Paul Cameron Warns That ‘A Gay’ May Be Coming For Your Son

Today’s “Pray In Jesus Name” program featured the first segment in a multi-part, in-person interview that host Gordon Klingenschmitt conducted with notorious anti-gay “researcher” Paul Cameron of the Family Research Institute and it turned out to be every bit as crazy as one would expect an interview between an anti-gay exorcist and an advocate for executing gays to be.

Klingenschmitt, who is currently the Republican nominee for a seat in the Colorado state legislature, asked Cameron if gay people “use molestation as a recruiting tool,” and Cameron assured him that they most certainly do.

“Homosexuals, from the get-go, as long as we have recorded history, have used the molestation of boys as a way to recruit to homosexuality,” Cameron declared, claiming that his “studies” have found that sixty percent of boys who reported that their first sexual experience was a same-sex experience grow up to be gay.

“So this is a tremendous recruitment tool,” he said. “If a gay can get to your son first, the chances are about 50-50, as near as we can tell, that your son is going to be a practicing homosexual to some degree.”

“It’s very important to keep your sons from having a homosexual experience,” he emphasized:

Klingenschmitt and Cameron then discussed Cameron’s work making it illegal for gays to donate blood, which Cameron said is a prohibition that must remain in place today because gays travel the world where they have reckless sex and pick up all sorts of exotic diseases that endanger the rest of society.

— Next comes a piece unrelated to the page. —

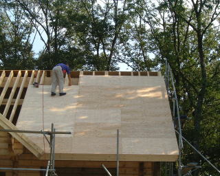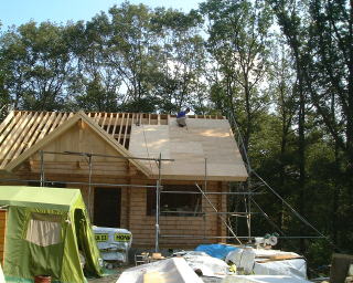 10月8日(火)から野地板を貼り出しました。14日(月)には屋根屋さんが防水シートを貼って下さるので、それまでに野地板を貼り終えて天窓の開口と煙突を作らなければなりませんでした。
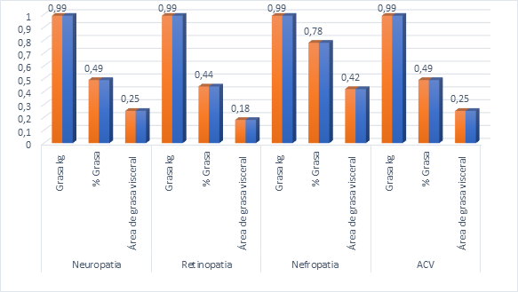 La investigación permitió el estudio de las complicaciones micro y macrovasculares en pacientes con diabetes mellitus tipo 2, destacando su prevalencia en el sexo femenino por componente porcentajes de grasa corporal significativamente mayor frente al sexo masculino; la pertinencia del uso de bioimpedancia respecto a la cuantificación precisa de porcentaje de grasa, y grasa en kilogramos facilita el diagnóstico de composición corporal en este grupo de pacientes. El análisis de la complicación macrovascular (ACV), se encontró una correlación significativa entre la cantidad de grasa en kilogramos y la presencia de complicaciones, los componentes área de grasa visceral y porcentaje de grasa resultan factores que influyen con menos impacto. En cuanto a las complicaciones microvasculares como: la neuropatia, nefropatía, retinopatía; la correlación con el componente de grasa en kilogramos es potencialmente alta, posicionándose como un indicador clave ante el riesgo de complicaciones; mientras que los indicadores área de grasa visceral y porcentaje tuvieron una influencia menor. Estos resultados enfatizan la necesidad de controlar la masa grasa para reducir el riesgo de complicaciones macro y microvasculares en pacientes con diabetes mellitus tipo 2. Este análisis muestra la importancia de la distribución de la grasa, más allá de la cantidad total de grasa corporal, para entender mejor la relación con diversas complicaciones. Los componentes principales han permitido resaltar la relevancia de la grasa visceral específicamente, que parece ser un factor diferenciador clave entre las distintas condiciones patológicas presentadas.

“What gays do is so dangerous, I mean, rectal sex. I mean, think of all of the stuff that they do,” Cameron said. “You don’t know what else is out there. We still don’t know all the components in human blood. They’ve got other stuff, if there’s something over in another country in the world, given that gays travel more, given that gays have sex wherever they travel, uh oh, they bring back whatever is out there and there’s always something new out there.”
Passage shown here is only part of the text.